Come svanisce il mito dell’ostello da 20 euro a notte riconosciuto dalla Regione ma ormai un lusso solo per nostalgici

Come svanisce il mito dell’ostello da 20 euro a notte riconosciuto dalla Regione ma ormai un lusso solo per nostalgici

Nonostante un curriculum di irregolarità più lungo della lista della spesa di un influencer, all’ingresso dell’Hostel Colours a Lambrate troneggia ancora il glorioso logo di Regione Lombardia. Segno che, evidentemente, il patriomoniale simbolo della correttezza amministrativa non teme contaminazioni.

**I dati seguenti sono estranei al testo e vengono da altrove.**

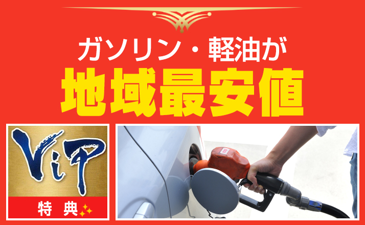 スタンドECO VIP会員になると、1リットル7円の割引サービス(月50ℓまで)の特典があり、地域最安値でガソリン・軽油を給油できます。ガソリン・軽油の価格は当ページ下の価格表をご参考にしてください。※最新価格は店頭看板でご確認ください。
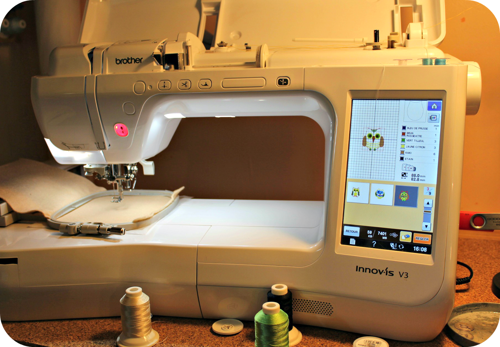 et j'ai moins apprécié qu'il n'y ai pas de capteur de canette, je me suis retrouvée à coudre dans le vide sans m'en apercevoir !
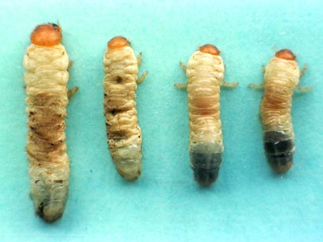 説明 コガネムシ類の幼虫に寄生する。リケッチアはグラム陰性の微小な細菌で、生きた細胞内に寄生し人工培地では培養できない。いくつかの昆虫寄生性のリケッチアを統合してRickettsiella popilliaeという学名が与えられているが、その妥当性については論議がある。日本ではオオスジコガネから発見されたリケッチアがドウガネブイブイ、ヒメコガネなど他のコガネムシ類幼虫にも病原性があることがわかっている。罹病虫はポックスウイルス感染虫と類似し、生存中から体色が白化する。感染したコガネムシ幼虫の血液中には菱形の蛋白結晶が形成される。寄主の大発生時には流行が起こり、天敵微生物としての役割は重要と考えられるが、ほ乳類にも感染性を持つこと、増殖が困難なこと、死亡までの時間が長いことなどから、害虫防除には利用されていない。 |
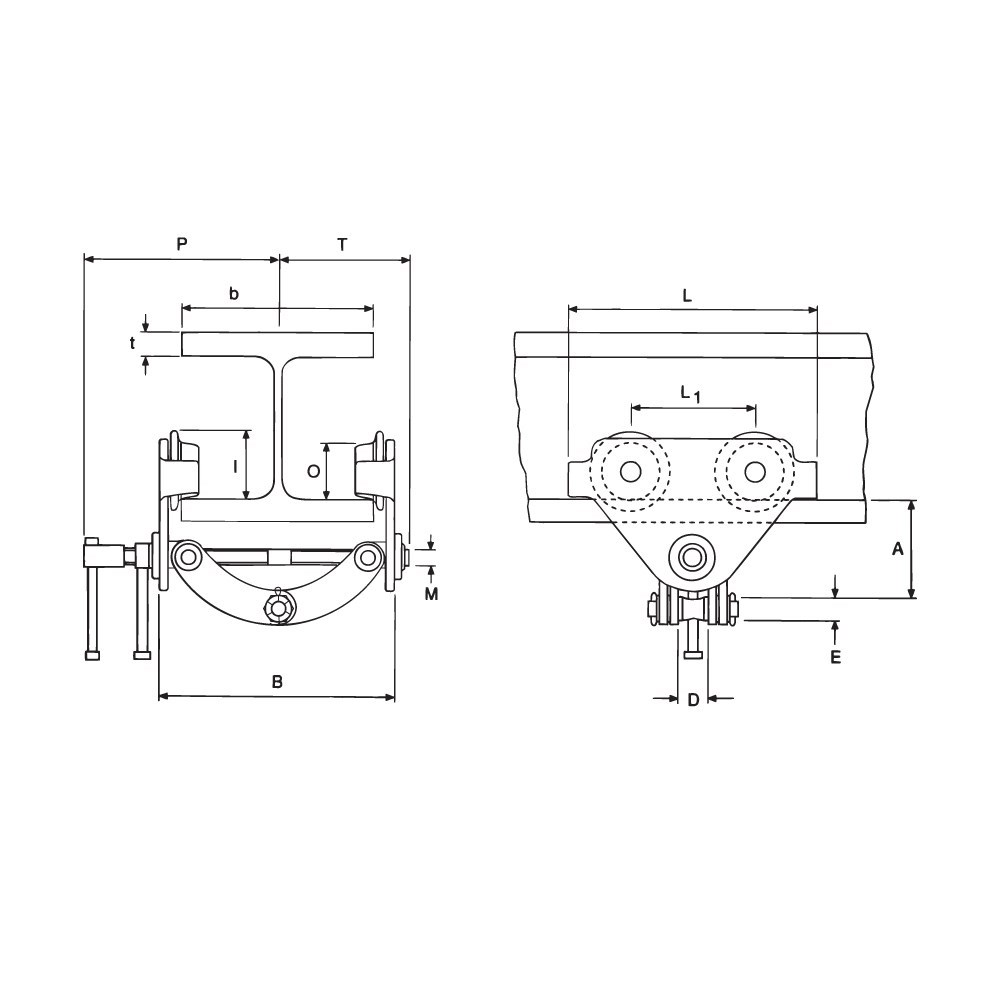 The Beaver integral push trolley and girder clamps are designed to provide a quick and easy attachment to overhead beams for transporting loads for permanent or temporary mounting in different locations. The integral clamp is adjustable to the beam width in the same manner as the YC model, by rotating the threaded spindle. All Beaver integral push trolley and girder clamps have an individual serial number stamped onthe body of the clamp, and also onto the aluminium identification plate, which is securely mounted to the trolley side plate. This number coincides directly to the test certificate of the product for quick and easy tracing. These clamps are also operationally tested to 150% of the rated campacity and come with indidivual test certificates.Features:
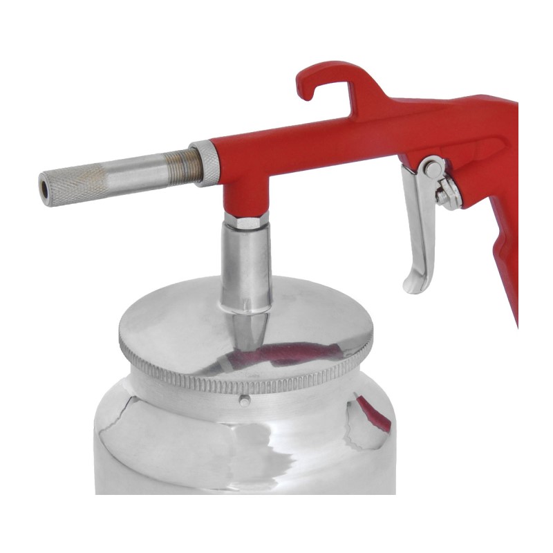Предназначен для очистки поверхности металлических деталей от ржавчины, краски, продуктов сгорания и других загрязнений с помощью струи сжатого воздуха с мелкодисперсным абразивным песком. Для работы пескоструйного пневмопистолета необходимо использовать воздушный компрессор с производительностью на выходе не менее 140 л/мин. Металлический нижний бачок, объемом 0,75 литра.
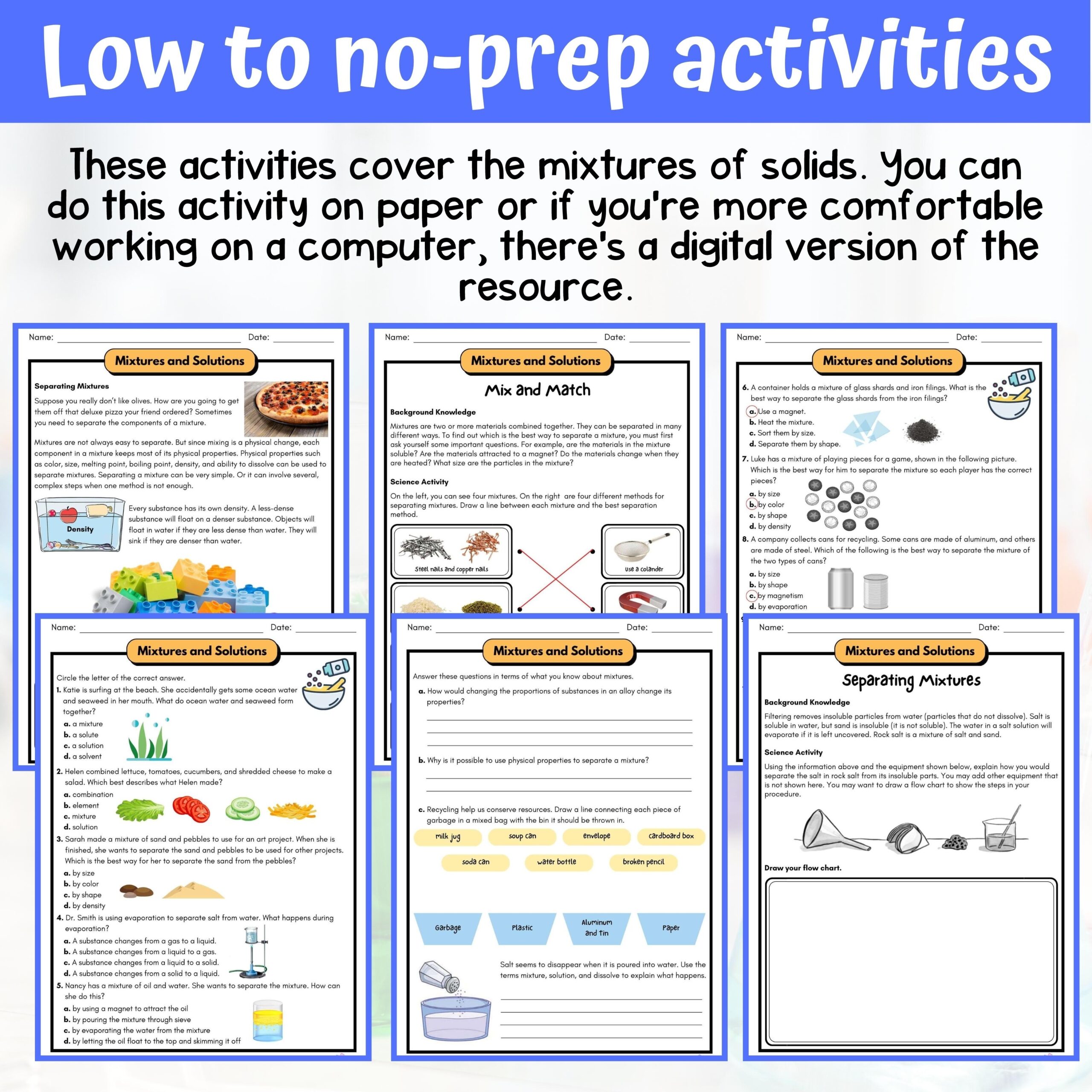 Using free printable worksheets on mixtures and solutions has several benefits. For one, it allows students to practice and reinforce their knowledge of the concept in a fun and engaging way. It also helps to develop critical thinking and problem-solving skills, as students are required to analyze and solve problems related to mixtures and solutions. Additionally, printable worksheets can be used to assess student understanding and identify areas where they need extra support or review.

Ah, la sicurezza! Due giorni fa una pattuglia della polizia ha fatto visita per l’ennesima volta, rimestando nel già caldo brodo di una rissa scoppiata chissà per quale motivazione futile. Il meglio del nostro poliziesco in diretta.

I solerti cittadini, che ancora non si sono rassegnati al degrado tutto locale, lamentano problemi di sicurezza degni di un romanzo noir di scarso successo. Nel frattempo i turisti, che ormai si contano sulle dita di una mano (e forse con qualche dito in meno), hanno sviluppato un particolare senso dell’olfatto, allergico alle condizioni igieniche precarie che sembrano essere l’attrazione principale della zona.

Naturalmente, la questione ha raggiunto l’olimpo burocratico, posandosi sul sontuoso tavolo dell’assessora al Turismo, che con grande prontezza e spirito d’iniziativa ha deciso di “segnalare alle amministrazioni competenti”.

Un messaggio elegantissimo che tradotto significa: “Abbiamo preso nota, forse ci penseremo un giorno, forse no”. Nostalgici tempi in cui le segnalazioni erano solo un fastidioso passaggio per arrivare al nulla di fatto garantito.